MY DESTINY

MY DESTINY
Episode 22



Seusai mencuci piring Sasa, Alista kemudian beranjak menuju ruang tengah untuk membantu keponakannya mengerjakan PR.



"Randi kemana mbak?" tanya Alista kepada Sarah. Setelah ia menyadari adik bungsunya itu tidak terlihat.



"Main kali kerumah temen. Nanti juga kesini lagi.
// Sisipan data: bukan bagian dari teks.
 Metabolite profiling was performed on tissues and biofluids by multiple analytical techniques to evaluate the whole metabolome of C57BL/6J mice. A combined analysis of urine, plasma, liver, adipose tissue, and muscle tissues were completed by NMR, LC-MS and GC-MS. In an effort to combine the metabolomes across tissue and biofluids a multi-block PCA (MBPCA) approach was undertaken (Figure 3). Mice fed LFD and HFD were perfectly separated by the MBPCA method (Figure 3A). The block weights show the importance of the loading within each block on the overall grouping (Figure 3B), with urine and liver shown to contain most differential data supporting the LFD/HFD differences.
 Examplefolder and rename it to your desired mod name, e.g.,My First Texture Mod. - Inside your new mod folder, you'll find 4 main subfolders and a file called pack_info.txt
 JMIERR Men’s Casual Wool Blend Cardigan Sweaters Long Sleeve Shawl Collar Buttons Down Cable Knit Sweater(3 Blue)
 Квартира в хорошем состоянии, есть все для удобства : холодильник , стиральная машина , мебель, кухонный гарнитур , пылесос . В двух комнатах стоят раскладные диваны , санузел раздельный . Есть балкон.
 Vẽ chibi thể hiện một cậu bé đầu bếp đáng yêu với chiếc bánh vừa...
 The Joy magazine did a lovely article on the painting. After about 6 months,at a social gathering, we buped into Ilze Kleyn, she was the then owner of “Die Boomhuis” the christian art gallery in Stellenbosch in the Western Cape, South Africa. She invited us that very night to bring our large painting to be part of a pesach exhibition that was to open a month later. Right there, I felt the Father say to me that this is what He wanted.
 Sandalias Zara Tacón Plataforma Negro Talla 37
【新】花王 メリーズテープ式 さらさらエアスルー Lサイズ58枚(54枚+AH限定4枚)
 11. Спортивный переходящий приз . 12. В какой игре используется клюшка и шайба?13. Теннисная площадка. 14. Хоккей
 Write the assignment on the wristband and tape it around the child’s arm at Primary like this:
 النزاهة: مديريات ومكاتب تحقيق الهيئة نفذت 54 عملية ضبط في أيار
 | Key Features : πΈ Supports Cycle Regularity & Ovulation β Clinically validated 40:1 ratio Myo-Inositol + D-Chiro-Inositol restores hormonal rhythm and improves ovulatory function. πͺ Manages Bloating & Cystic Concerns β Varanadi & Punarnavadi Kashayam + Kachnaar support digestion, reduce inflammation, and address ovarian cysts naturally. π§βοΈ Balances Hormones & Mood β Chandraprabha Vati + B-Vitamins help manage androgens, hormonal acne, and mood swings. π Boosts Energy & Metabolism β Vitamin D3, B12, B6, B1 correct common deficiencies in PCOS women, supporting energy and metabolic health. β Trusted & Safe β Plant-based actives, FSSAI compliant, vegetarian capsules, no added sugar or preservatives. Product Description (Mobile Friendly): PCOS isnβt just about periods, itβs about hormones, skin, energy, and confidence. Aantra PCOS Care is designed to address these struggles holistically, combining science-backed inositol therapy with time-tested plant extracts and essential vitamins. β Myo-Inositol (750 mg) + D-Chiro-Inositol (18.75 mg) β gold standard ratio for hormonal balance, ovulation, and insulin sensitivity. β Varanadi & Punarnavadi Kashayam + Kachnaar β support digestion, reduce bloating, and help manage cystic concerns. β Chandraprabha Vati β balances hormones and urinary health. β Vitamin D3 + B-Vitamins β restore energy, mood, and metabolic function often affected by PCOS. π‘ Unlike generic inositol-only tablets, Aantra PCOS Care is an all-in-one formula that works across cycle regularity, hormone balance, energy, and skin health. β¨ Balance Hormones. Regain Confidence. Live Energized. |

Aku udah bilang sama Randi kamu bakal nginep" jawab Sarah tanpa mengalihkan pandangan maniknya dari ponselnya.



"Bibi ayo duduk sini" Sasa mengalihkan percakapan diantara dua wanita itu sambil menepuk-nepuk sofa sisi kanan posisi dia duduk.



"Iya sayang, mana lihat PR nya!" seru Alista penuh perhatian sembari mendaratkan bokongnya disamping Sasa.



"Yang ini bi" tunjuk gadis kecil itu pada sebuah catatan miliknya. Alista kemudian mengambil alih buku tersebut dan membaca nya.



Tok



Tok



Tok



Terdengar seseorang mengetuk pintu utama.



"Bibi buka pintu dulu ya, sama mama dulu Sasa ngerjain PR nya ya" tutur Alista lembut lalu beranjak pergi untuk membuka pintu seraya melempar buku milik Sasa kepada Sarah yang sempat dia lalui. Dia hanya berniat untuk memberikan kesempatan kepada Sarah yang sedari tadi kesal pasalnya Sasa tidak mau sedikitpun terlepas dari Alista.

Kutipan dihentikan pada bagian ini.